» WHAT TO WORK ON
Below are the records; print them again exactly and omit the pictures.

+ + +

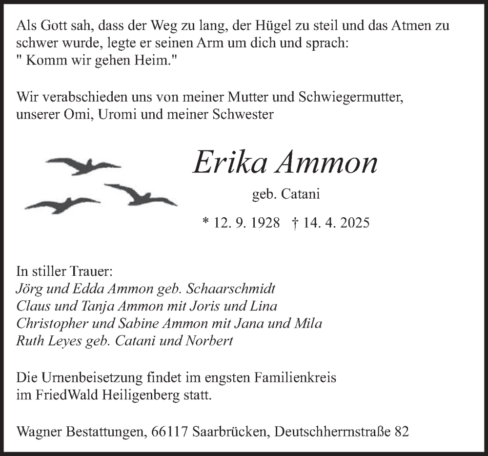 Hier finden Sie alle Traueranzeigen aus der Zeitung, die bisher für Erika Ammon erschienen sind. Weitere Traueranzeigen, die in der Zeitung erscheinen, werden hier ebenfalls aufgelistet
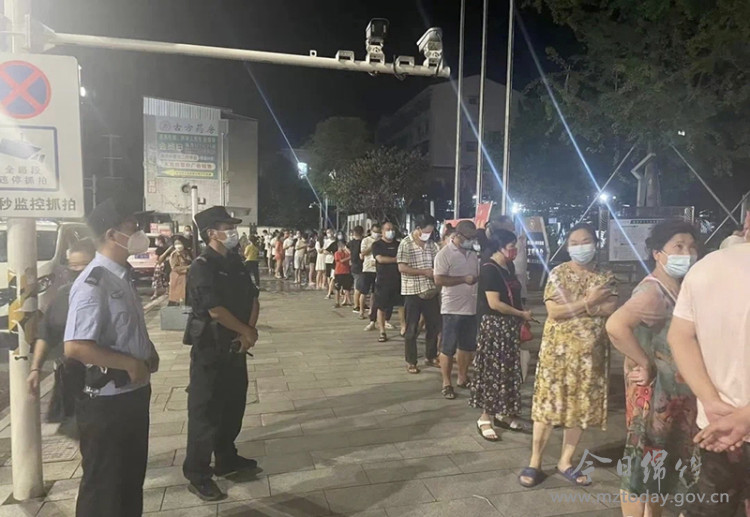 7月30日早上5点40分,剑南派出所民(辅)警提前到达核酸检测点,一边组织居民有序排队等候,一边借机对大家进行反诈宣传,“警察蓝”的身影成为了现场一道靓丽的风景线。在核酸采样期间,一对老年夫妻颤颤巍巍走来,民警杨东看到后立即上前搀扶,排队等待的居民们也自觉让出了一条“绿色通道”。“看到大家这么支持配合我们的工作,再辛苦也值得。”他告诉记者,有了前两轮组织居民核酸检测的经验,他们再次优化流程,提升服务,减少了居民等待时间,确保整个核酸检测点安全有序。 下午3点,骄阳似火。在市第二人民医院核酸检测点上,汉旺分局辅警杜明宇手持小喇叭,温馨提醒现场群众加强自身防护,并对人流较多的队列进行引导,实行分段放行,整个检测现场秩序井然。由于天气炎热,汗珠顺着他的脸颊落下,后背的衣服早已被汗水浸湿,声音也开始变得沙哑,但杜明宇却顾不上休息。“有人中暑晕倒了......”听到不远处传来求助声,他赶紧上前,一边疏散围观群众,一边将其搀扶送医,温馨的一幕被市民拍下发布到网上,得到了很多网友的点赞。
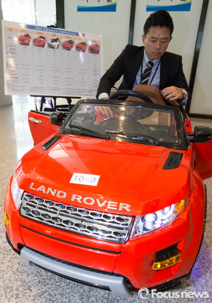 (세종=포커스뉴스) 2일 오전 세종시 정부세종청사 공정거래위원회에서 한국소비자원 관계자가 어린이 전동 승용완구 성능 및 안전성 등 제품별 차이를 설명하고 있다.
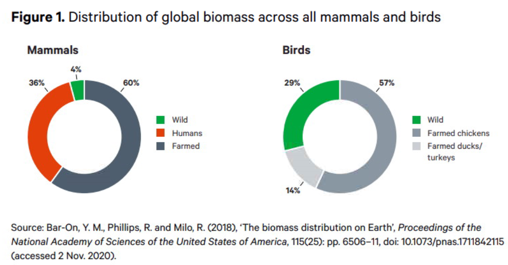 上記のグラフは、世界の哺乳類に占める人間の比率及び、鳥類全体に占める食糧用に飼育されている鳥類の比率である。
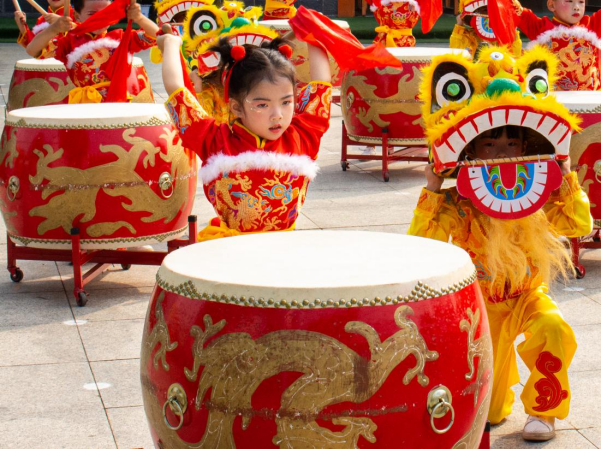 91论坛 爱心幼儿园的孩子们表演打鼓、舞狮 (朱泽雅 摄)

+ + +

» OUTPUT OF THE EXERCISE
 Hier finden Sie alle Traueranzeigen aus der Zeitung, die bisher für Erika Ammon erschienen sind. Weitere Traueranzeigen, die in der Zeitung erscheinen, werden hier ebenfalls aufgelistet
 7月30日早上5点40分,剑南派出所民(辅)警提前到达核酸检测点,一边组织居民有序排队等候,一边借机对大家进行反诈宣传,“警察蓝”的身影成为了现场一道靓丽的风景线。在核酸采样期间,一对老年夫妻颤颤巍巍走来,民警杨东看到后立即上前搀扶,排队等待的居民们也自觉让出了一条“绿色通道”。“看到大家这么支持配合我们的工作,再辛苦也值得。”他告诉记者,有了前两轮组织居民核酸检测的经验,他们再次优化流程,提升服务,减少了居民等待时间,确保整个核酸检测点安全有序。 下午3点,骄阳似火。在市第二人民医院核酸检测点上,汉旺分局辅警杜明宇手持小喇叭,温馨提醒现场群众加强自身防护,并对人流较多的队列进行引导,实行分段放行,整个检测现场秩序井然。由于天气炎热,汗珠顺着他的脸颊落下,后背的衣服早已被汗水浸湿,声音也开始变得沙哑,但杜明宇却顾不上休息。“有人中暑晕倒了......”听到不远处传来求助声,他赶紧上前,一边疏散围观群众,一边将其搀扶送医,温馨的一幕被市民拍下发布到网上,得到了很多网友的点赞。
 (세종=포커스뉴스) 2일 오전 세종시 정부세종청사 공정거래위원회에서 한국소비자원 관계자가 어린이 전동 승용완구 성능 및 안전성 등 제품별 차이를 설명하고 있다.
 上記のグラフは、世界の哺乳類に占める人間の比率及び、鳥類全体に占める食糧用に飼育されている鳥類の比率である。
 91论坛 爱心幼儿园的孩子们表演打鼓、舞狮 (朱泽雅 摄)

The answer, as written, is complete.